The company’s earnings per share (EPS) were SEK 0.40 ($0.04), a third of the 1.12 SEK ($0.12) in the first quarter of 2024.
The group’s operating income (EBIT) was SEK 1.9 billion ($197 million), with the brand’s wholesales dropping “as part of a planned inventory reduction” during the last quarter of 2024.
The brand, owned by China’s Geely Holding Group, said in a statement that “given external developments and increased uncertainties”, it is “no longer providing financial guidance for 2025 and 2026.”
Volvo plans to “protect profitability” and to “offset external headwinds” with an accelerated cost and cash action plan of SEK 18 billion ($1.86 billion), from which effects are expected next year.
The automaker stated that it “aims to continue in that direction with the right cars, a competitive cost base and increased resilience, and will continue to build a stronger, more efficient and more valuable Volvo Cars.”
Chief executive Håkan Samuelsson — who took over the role earlier this month after Jim Rowan stepped down — told CNBC on Tuesday that “volume drop,” “price competition” and “new players in the electric segment” are “influencing the prices generally.”
“On top of that you have the turbulence now with additional tariffs,” Samuelsson stated, adding that “all of that makes it very difficult to predict the future.”
Tariffs Impact
Commenting on the tariff impact, the chief executive said, “We see long-term, we need, of course, to come back to some kind of trade deal with the U.S. Otherwise, this is of course going to be very difficult for the business in the U.S.”
As Donald Trump imposed the 25% tariff on all imported vehicles and auto parts, Volvo planned production shifts to U.S. factories in an effort to avoid the impact.
Earlier this month at the company’s annual general meeting, the CEO had stated that the company is “well prepared in China and in Europe,” but needed “to be better in the U.S. to get around the import tariffs.”
According to the statement released together with the earnings results on Tuesday, “the company will start by focusing on the U.S and China markets, as priorities,” as it is “undertaking a strategic restructuring of its operations in the U.S. and has created a new region, called Americas.”
Volvo intends to “sharpen the product line-up it needs for growth” in the U.S. and to promote a “better use” of “its existing manufacturing footprint there in the coming years – producing more cars where they are sold.”
The efficiency at Volvo’s South Carolina factory was mentioned by Samuelsson with the CEO saying that Volvo is looking into putting “another car into that factory,” which has to be a “best-seller for the U.S. market.”
Q1 Sales
Volvo sold 172,219 cars worldwide in the first quarter, a 6% decline year over year. Nearly 32,500 of these were battery electric vehicles — with a 19% market share.
New energy vehicles (NEV), which include hybrid and fully electric models, represented 43% of the market (up nearly 5% from the same period last year).

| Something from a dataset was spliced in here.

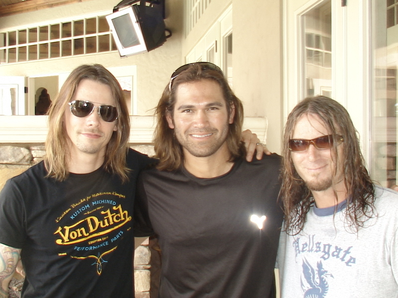 Anyway, in my last blog post I spoke about going to a BBQ at Johnny Damon’s house in Orlando. He lives just four houses down from me. I was able to go but was only able to spend about an hour there due to family commitments. Regardless, it was great seeing Johnny again and good times were had by all. My brother, Michael took a picture that I thought you all might like to see. I’m not in it because it was taken after I left but it includes Alter Bridge’s bass player extraordinaire Brian Marshall (right), our singer Myles Kennedy and Johnny himself.Dsc03121

Volvo launched its first fully electric car, the ES90, in early March. In Germany, the sedan is priced from €71,990 ($82,000).
Volvo had a goal of selling only battery electric vehicles by 2030, becoming one of the first automakers to promise a fully electric portfolio by the end of the decade.
Last September, however, the company abandoned that target, deciding to “adjust its electrification ambitions due to changing market conditions and customer demands.”
The carmaker “aims for 90 to 100% of its global sales volume by 2030 to consist of electrified cars, meaning a mix of both fully electric and plug-in hybrid models.”
The brand reiterated its most recent target by stating that “as Volvo Cars accelerates towards full electrification, its premium plug-in hybrids provide a pragmatic bridge for customers not yet ready to switch.”